PHL vehicle sales growth slows in March

Vehicles are stuck in traffic along Roxas Boulevard in Manila. — Photo by Edd Gumban, The Philippine Star

By Justine Irish D. Tabile, Reporter

PHILIPPINE AUTOMOTIVE sales rose by 1.6% to 37,474 units in March, the slowest in over two years amid elevated interest rates, an industry report showed.

A joint report by the Chamber of Automotive Manufacturers of the Philippines, Inc. (CAMPI) and Truck Manufacturers Association (TMA) showed that car sales went up from 36,880 units a year earlier.

This was the slowest sales growth since the 7.3% decline in February 2022.

Month on month, sales declined by 1.6% from 38,072 units in February.

Commercial vehicles continued to drive the industry’s performance in March, as sales went up by 2% to 27,347 units from a year earlier. They accounted for 73% of the total sales.

However, sales of commercial vehicles declined by 3.8% from a month earlier.

Asian utility vehicle (AUV) sales rose by 23.4% to 6,421, the only commercial vehicle segment that posted annual growth.
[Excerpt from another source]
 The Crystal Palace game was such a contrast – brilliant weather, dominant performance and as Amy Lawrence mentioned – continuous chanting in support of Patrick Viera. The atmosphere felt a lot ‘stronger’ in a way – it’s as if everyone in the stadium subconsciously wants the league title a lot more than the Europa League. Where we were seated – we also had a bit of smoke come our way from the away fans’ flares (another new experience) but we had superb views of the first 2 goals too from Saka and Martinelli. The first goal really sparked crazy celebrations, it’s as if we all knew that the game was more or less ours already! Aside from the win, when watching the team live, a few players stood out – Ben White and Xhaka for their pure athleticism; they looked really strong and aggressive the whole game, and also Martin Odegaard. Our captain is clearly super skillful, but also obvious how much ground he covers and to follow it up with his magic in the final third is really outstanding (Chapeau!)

Month on month, AUV sales inched up by 1%.

Light commercial vehicle sales slipped by 2.6% to 20,101, while sales of light trucks fell by 1.3% to 447. Sales of medium trucks dropped by 17.8% to 333 units, while heavy truck sales plunged by 61.5% to 45.

Month on month sales of light commercial vehicles, light and heavy trucks also fell by 5.3%, 13.4% and 26.2%, respectively.
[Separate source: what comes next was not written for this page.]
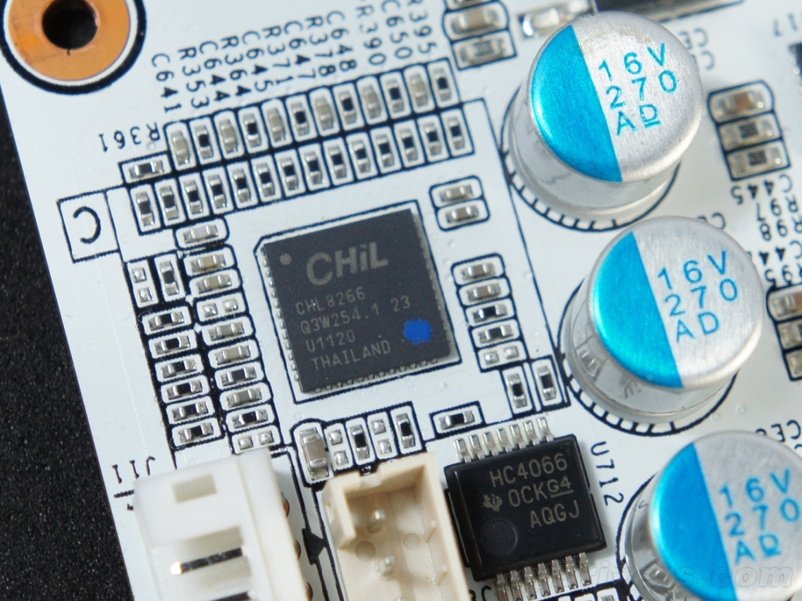 而新款GTX 560 Ti名人堂同样采用了6相核心供电,只不过换成了后来比较流行的CHiL数控方案,核心主控为曾用在GTX 580身上的CHL 8266 PWM芯片,最高支持六项供电电路,最大输出电流可达200A,最高电压2V,最高支持400W的GPU。要说采用这款主控的非公版也不少,也并不稀奇。不过需要注意的是,仅采用CHL 8266主控最多只能算是版数字状态,MOSFET的选用同样是供电方案优劣的重要方面。那新一代名人堂有采用了何种MOSFET呢?

On the other hand, sales of medium trucks grew by 27.6% month on month.

In March, passenger car sales inched up by 0.7% to 10,127 units from a year ago. Month on month, sales of passenger cars went up by 5.1%.

Rizal Commercial Banking Corp. Chief Economist Michael L. Ricafort said the slower year-on-year growth was due to higher base effects.

“The slower year-on-year growth in vehicle sales at low single-digit levels was due to higher base or denominator effects,” Mr. Ricafort said.

“Higher inflation and interest rates that increased borrowing and financing costs, including for auto loans, also started to slow demand,” he added.

The Bangko Sentral ng Pilipinas (BSP) has kept its benchmark rate steady at a near 17-year high of 6.5% since October 2023 to tame inflation.

Inflation accelerated to 3.7% in March from 3.4% in February.


For the first quarter, vehicle sales grew by 12.7% year on year to 109,606 units.

Commercial vehicle sales rose by 12.2% to 81,395, while passenger car sales jumped by 14% to 28,211 in the January-to-March period.

“Year-to-date sales performance was driven by sustained demand for new vehicles, supported by overall supply improvement,” CAMPI President Rommel R. Gutierrez said in a statement.

“Our first-quarter performance keeps us on track to achieve our 2024 target,” he added.

For 2024, CAMPI gave a conservative sales forecast of 468,300 units. However, the group expects sales to reach 500,000 as the ninth Philippine International Motor Show is held in the second half.

As of end-March, Toyota Motor Philippines Corp. remained the market leader with a 45.3% share as its sales rose by 9.9% to 49,667 units.

Mitsubishi Motors Philippines Corp. ranked second with a market share of 19%, as it posted a 17.5% increase in sales to 20,867 units in January to March.

In third spot was Nissan Philippines, Inc., whose sales increased by 23.7% to 7,909 units.

Rounding out the top five were Ford Motor Co. Phils., Inc., which saw a 27.8% increase to 7,531 units, and Suzuki Phils., Inc., whose sales declined by 1.9% to 4,395 units.

Mr. Ricafort said the double-digit sales growth in the first-quarter sales is “a good signal for the further recovery of the Philippine economy, as well as the country’s favorable demographics.”

“In recent months, the Philippines has had one of the highest growth rates for both vehicle sales and vehicle production in ASEAN (Association of Southeast Asian Nations), consistent with the fact that the country has one of the fastest economic growth in ASEAN,” he added.

Data from the ASEAN Automotive Federation showed that Philippine motor vehicle output grew by 20.9% to 22,379 units in the January-to-February period from 18,510 last year. It was the second-fastest growth and faster than the 11.2% contraction in the region.